I recently read a story about a Colorado woman who was involved in a parachute incident. She was trying an acrobatic maneuver and hit the ground at a very high speed.

Sky diving can be a dangerous sport. The sport is much like rappelling in that you are totally dependent on your gear; but there is also skill involved to keep from overtaxing the gear used. In rappelling it is scary to think that you are hanging suspended in a death defying fall, hanging solely from a, presumably, safe climbing rope. Sky diving is even worse - it is that first step and more.

I would not even think of trying to parachute without instructions. Even though the procedure seems fairly straight forward ... jump, pull the rip cord, and land - I know that there is more to the sport than those simple instructions. You take lessons and practice before you are able to free fall and accomplish difficult maneuvers. You know that one mistake could be your last.

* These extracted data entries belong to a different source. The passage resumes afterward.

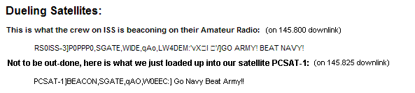 . . . . PCSAT2 secondary ISS Digipeater on 145.825 simplex (only if ARISS is off)
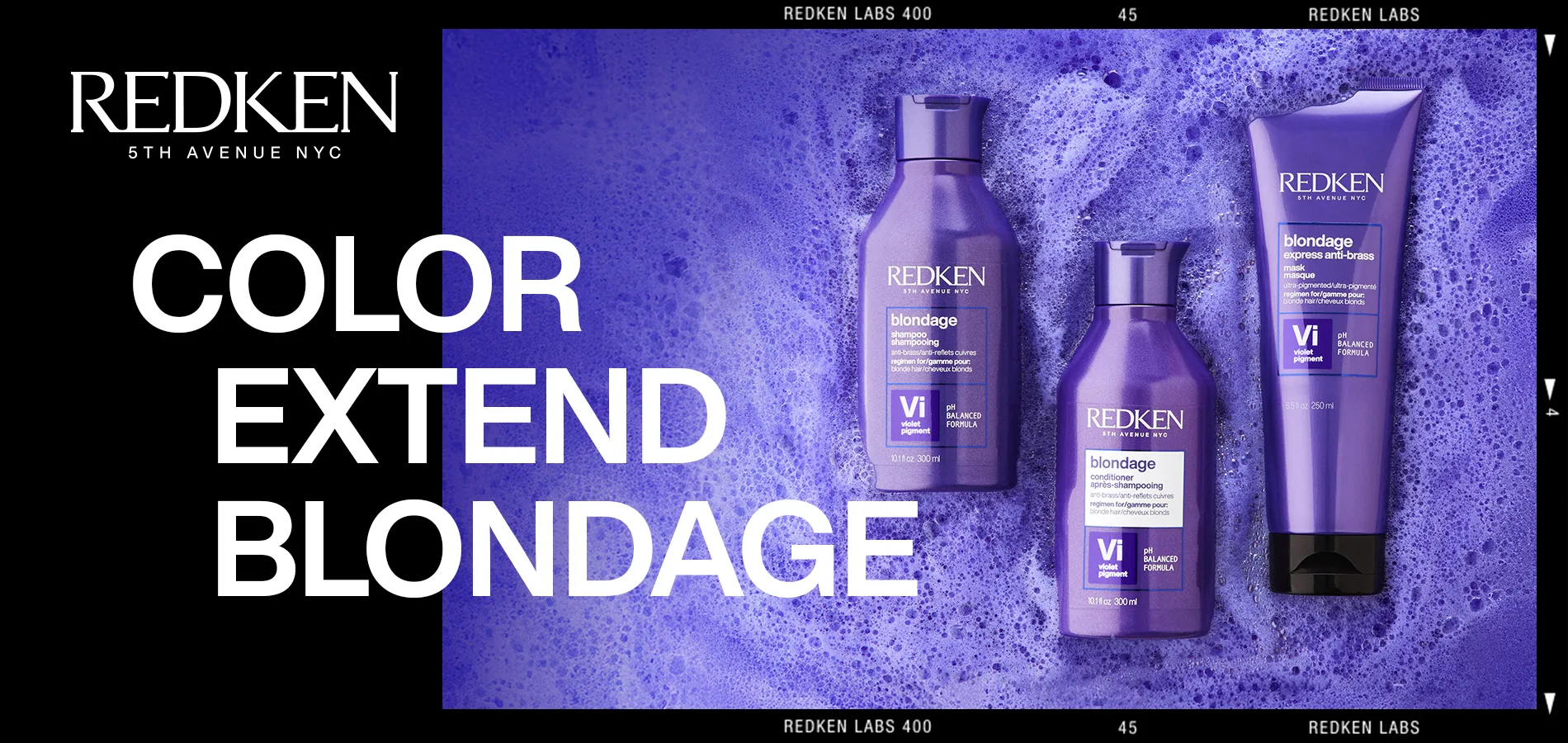 Redken Color Extend Blondage ist die professionelle Pflegeserie zur Gelbstich Neutralisierung für blondes Haar.
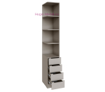 Угловое завершение для шкафов Мадрид в цвете кашемир с открытыми полками и 4 выдвижными ящиками. Угловой стеллаж для шкафов собирается на левую сторону и выпускается в нескольких цветах, включая светлый бежевый.
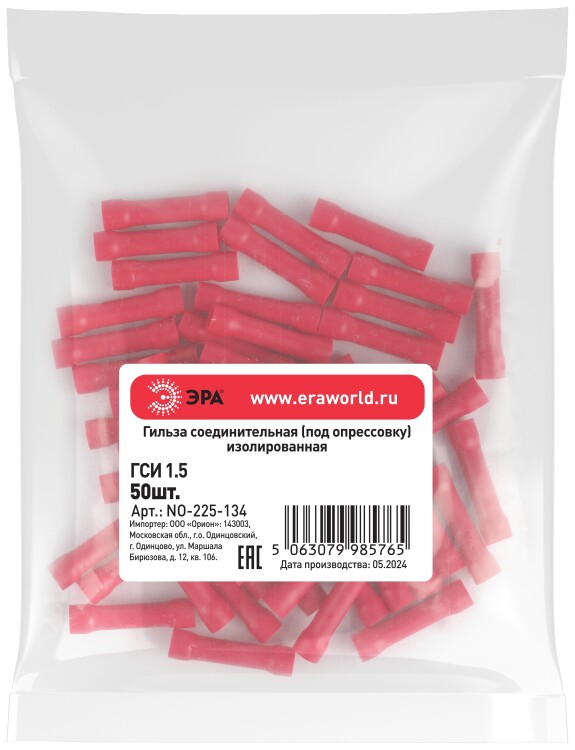 Гильза соединительная ЭРА NO-225-134 ГСИ 1.5 изолированная под опрессовку (упаковка 50 шт.)
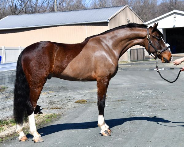 He is 4yrs old and 15.3 h rides and drives. He got a few weeks of quarantine and is now getting his glow up and evaluation. I think he is super cool and I really just love these driving horses. It is a fantastic background and they are always the most fun.
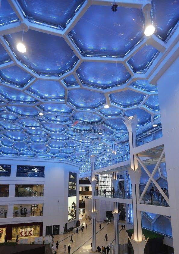工程結(jié)構(gòu)形式:骨架張拉商場頂棚膜結(jié)構(gòu)
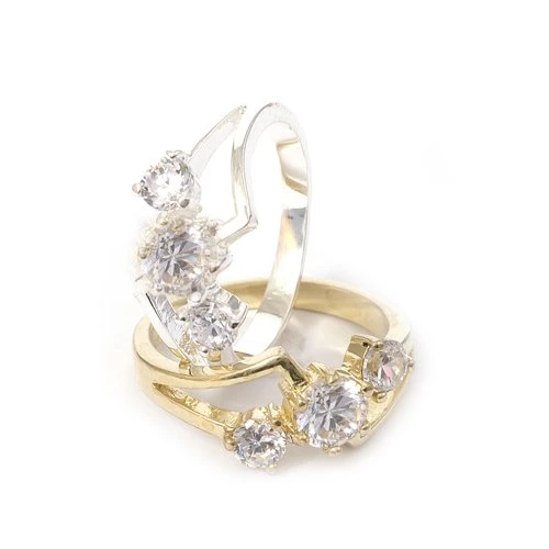 Nádherný zářivý prstýnek se 3 kameny, průměr prostředního kamene je 5 mm. Povrchová úprava: postříbřený Velikosti: 49
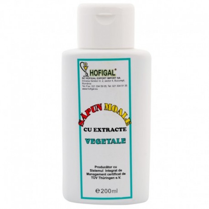 Sapunul vegetal lichid, 200 ml, de la Hofigal, Romania, este un sapun moale, cu saruri de potasiu, realizat din ingrediente naturale, respectiv extracte de plante, inclusiv extractele foliare ale acestora, pentru proteinele vegetale si acizii grasi naturali.
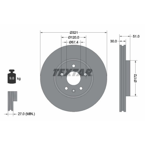 1 kép TEXTAR féktárcsa TEXTAR 92187005
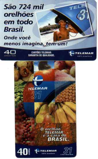 | 15348 | Telemar MG, 2 Cartões Telefônicos "O orelhão Telemar é a cara do Brasil" e "São 724 mil orelhões em todo Brasil", tiragens 3.750 e 9.000, usados | 3,00 | Foto |
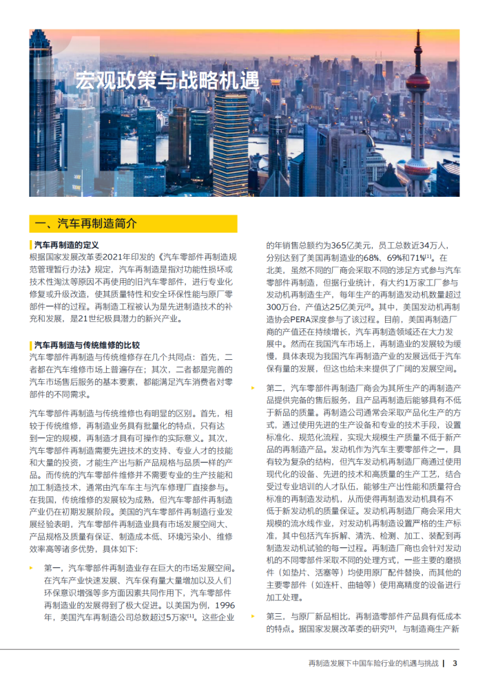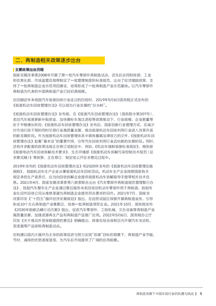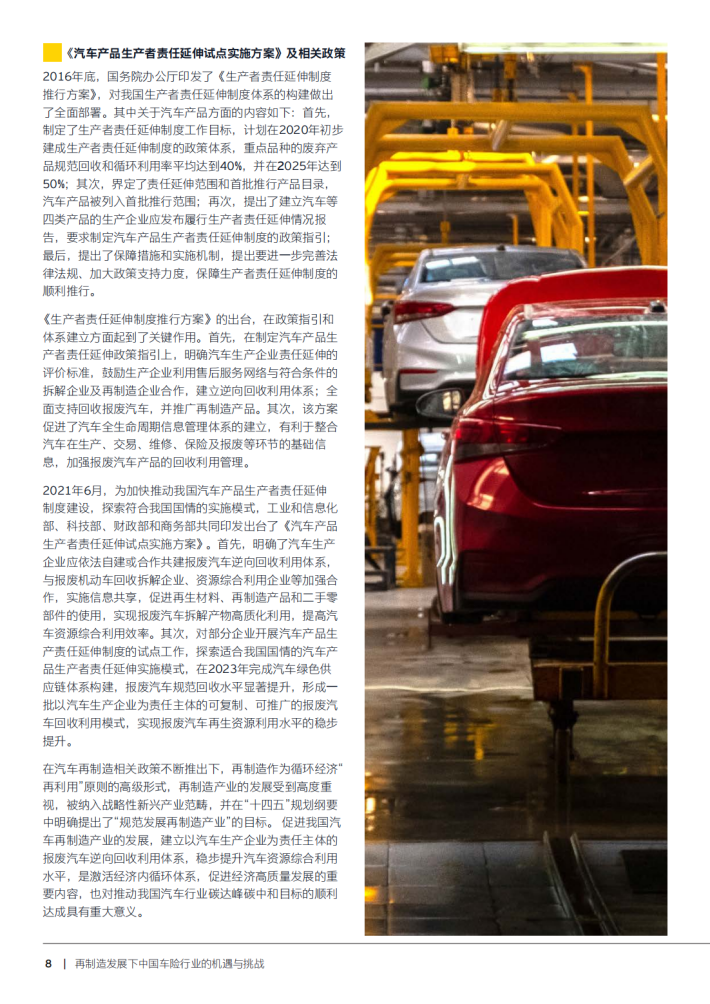 本文阐述了汽车再制造发展下中国车险行业的机遇与挑战。随着我国“双碳”目标的提出,再制造是环保和节约资源的重要手段,对于中国保险业来说,也是一个新的发展契机。再制造的发展离不开政策的扶持,我国出台了一系列的政策支持产业发展,包括相关国家标准、行业标准,推进了汽车零部件再制造产业的发展,而在这一过程中保险业的地位和作用凸显。这将促进汽车再制造市场逐渐规范,有序推动汽车零部件再制造行业的发展。
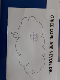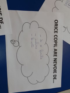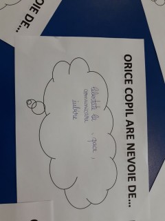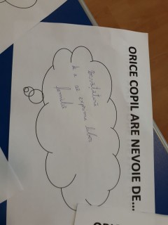 La finalul activității, elevii au realizat și un exercițiu de joc de rol, prin trei cuvinte cheie oferite ca răspuns la întrebarea: Orice copil are nevoie de...
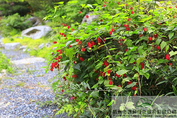 红萼苘麻的花朵就像一个个红灯笼,使原本沉闷的石头充满了自然的野趣。
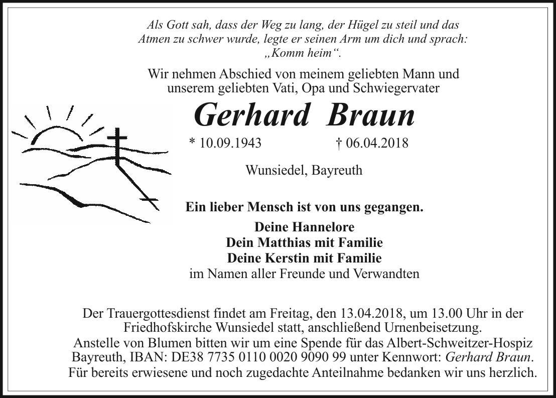 Anstelle von Blumen bitten wir um eine Spende für das Albert-Schweitzer-Hospiz Bayreuth, IBAN: DE38 7735 0110 0020 9090 99 unter Kennwort: Gerhard Braun.
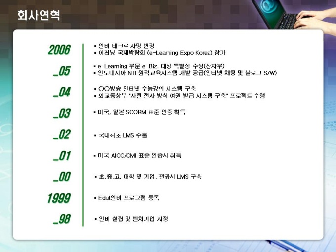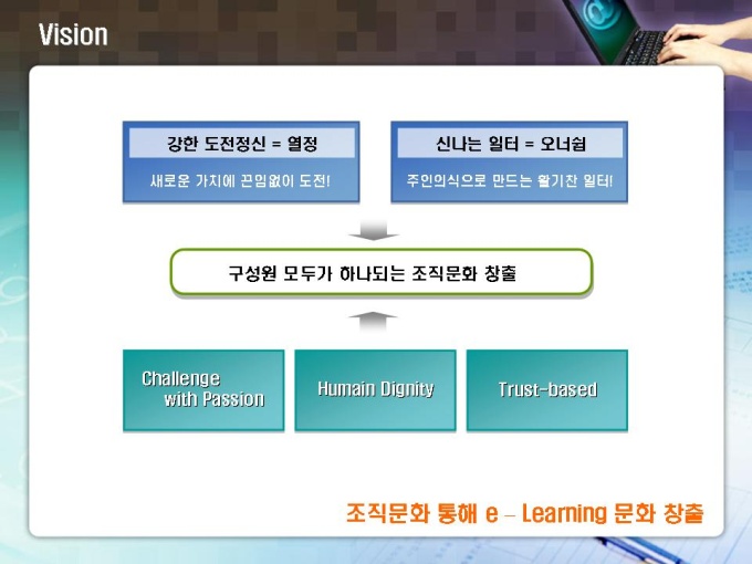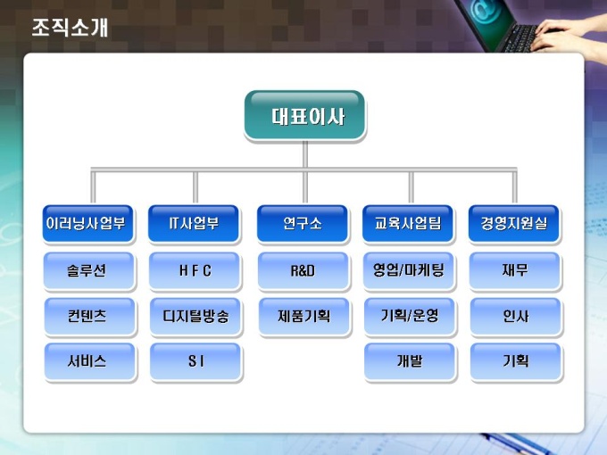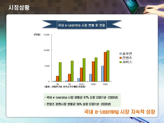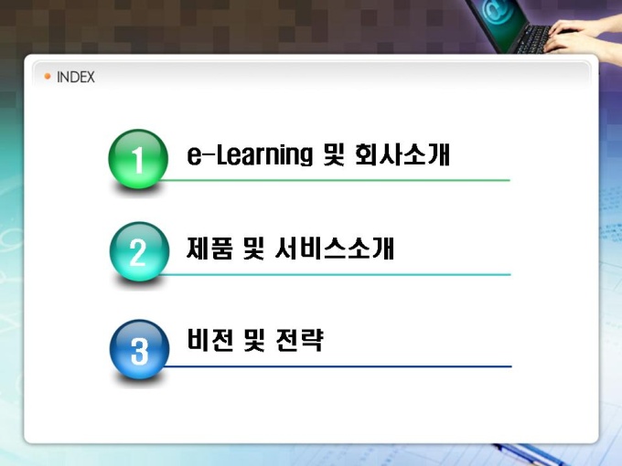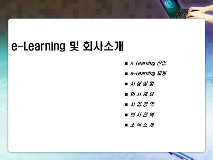인터넷교육 e-Learning 사업계획서입니다. 목차는 1.e-Learning 및 회사소개 2.제품 및 서비스소개 3.비전 및 전략 입니다.
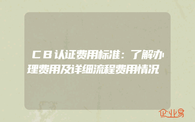 - CB认证费用标准:了解办理费用及详细流程费用情况
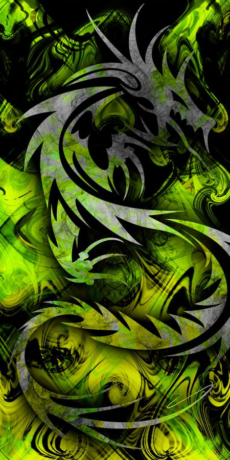 The dragon twists dynamically through a vibrant neon green and black abstract background, with marbling and splatter textures enhancing movement and energy.
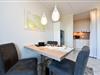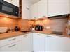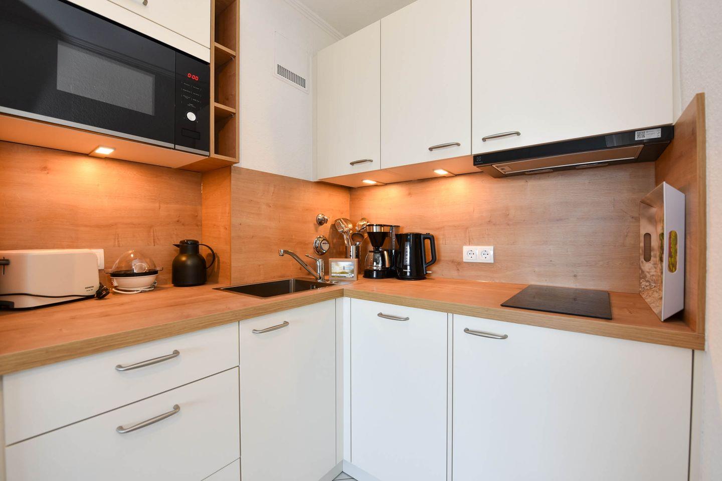 Die moderne Küchenzeile ist bestens ausgestattet mit einem Kühlschrank, einer Mikrowelle mit Grillfunktion und einer Spülmaschine. Sie ist offen zum Ess- und Wohnbereich gestaltet und ermöglicht so ein geselliges Miteinander.
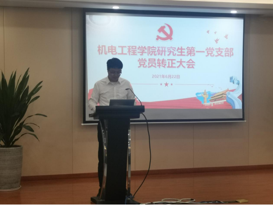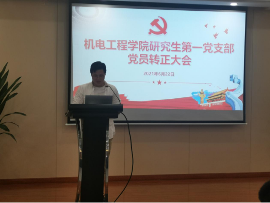 2021年6月22日下午,我院研究生第一党支部于6B309召开预备党员转正大会。本次大会主要讨论了陈宗汪、孙国锋、蒋志航三位同志按期转为中共正式党员的问题。会议由研究生第一党支部书记姚旭凯主持,支部内16名正式党员与8预备党员参加了此次大会,符合规定人数的4/5。此外,支部入党积极分子也参与了本次大会。
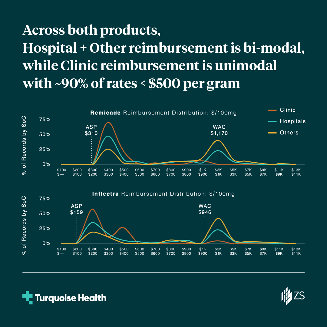 In this example, we can see that hospital-based infusions for Remicade and Inflectra (biosimilar) exhibit multi-modal reimbursement structures, indicating that there are likely underlying mechanisms influencing reimbursement.
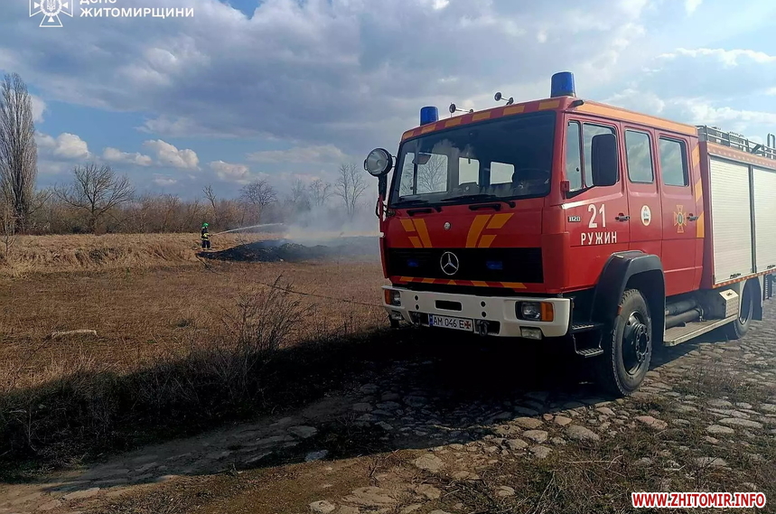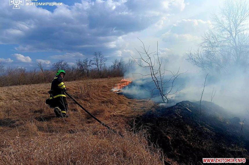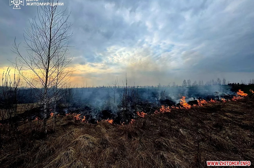 Як повідомляв Житомир.info, протягом доби 24 березня 2026 року рятувальники загасили у Житомирській області 22 пожежі сухої трави, вогонь пройшов 16 га землі. Також бійці ДСНС дві доби торф’яник.
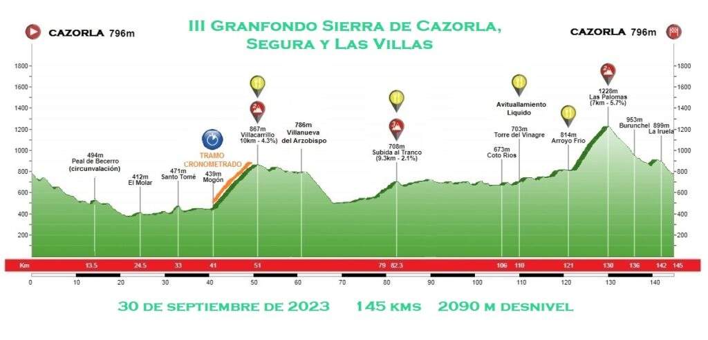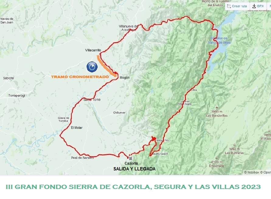 La cicloturista discurrirá por algunos de los parajes mas bellos del Parque Natural de Cazorla, Segura y Las Villas -el segundo Parque Natural más grande de Europa-, Agüacebas, Embalse del Tranco, Valle del Guadalquivir o el Puerto de las Palomas, con salida y llegada en Cazorla, considerado uno de los pueblos de montaña mas bonitos del sur de Europa, donde naturaleza, cultura y deporte, forma una simbiosis perfecta para la practica de deportes de montaña. Municipio turístico con una amplia oferta turística, gastronómica y hostelera.
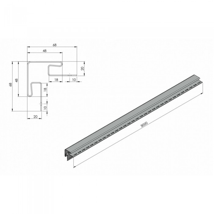 Стартовая планка (J-профиль) для софита RainWay, 3000 мм J-профиль является стандартом в монтаже виниловых софитов, обеспечивая надежное крепление
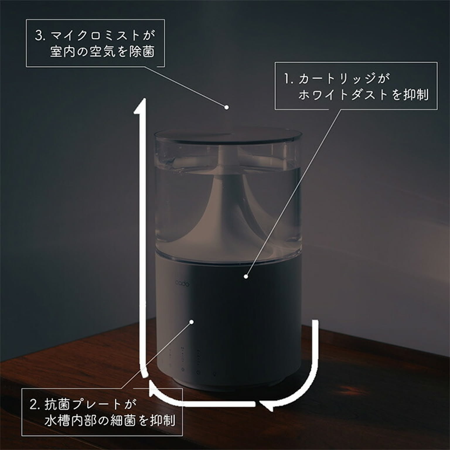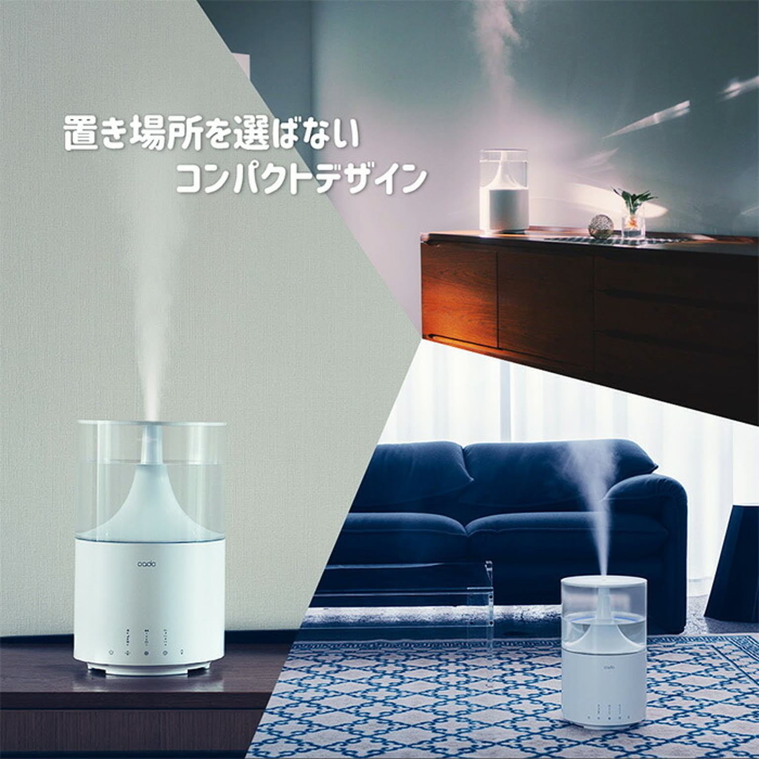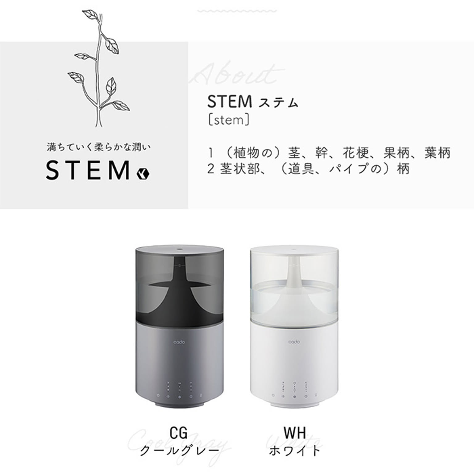 快眠に誘う上質な潤い STEM 300。コンパクトながらcado史上最大3.5Lタンク容量。従来の超音波式を凌駕する99.9%以上除菌機能。運転音がわずか33dBAで安眠を防げない静音性。

It's odd to me, that a sane person would not try to jump out of a plane without some knowledge of the techniques; yet sane, novice hikers, climbers, and mountaineers routinely try routes they do not have the skill or experience to safely accomplish. Naively, they push themselves deeper into trouble. They "jump" without knowing the procedures. As they near their impending doom they push the panic button on the SPOT or phone 911.

A couple years ago we, my wife and I, were climbing Mount Quandry in late June. There was a lot of snow and it was very cold and windy high on the mountain. As we were descending from the summit, just below tree line we met a family that looked like they were headed for a picnic on a beach. They wore shorts, sandals, and lightweight jackets. They asked us how much further it was to the top and did we think they could make it. Holding back our true comments, we just told them, "no!"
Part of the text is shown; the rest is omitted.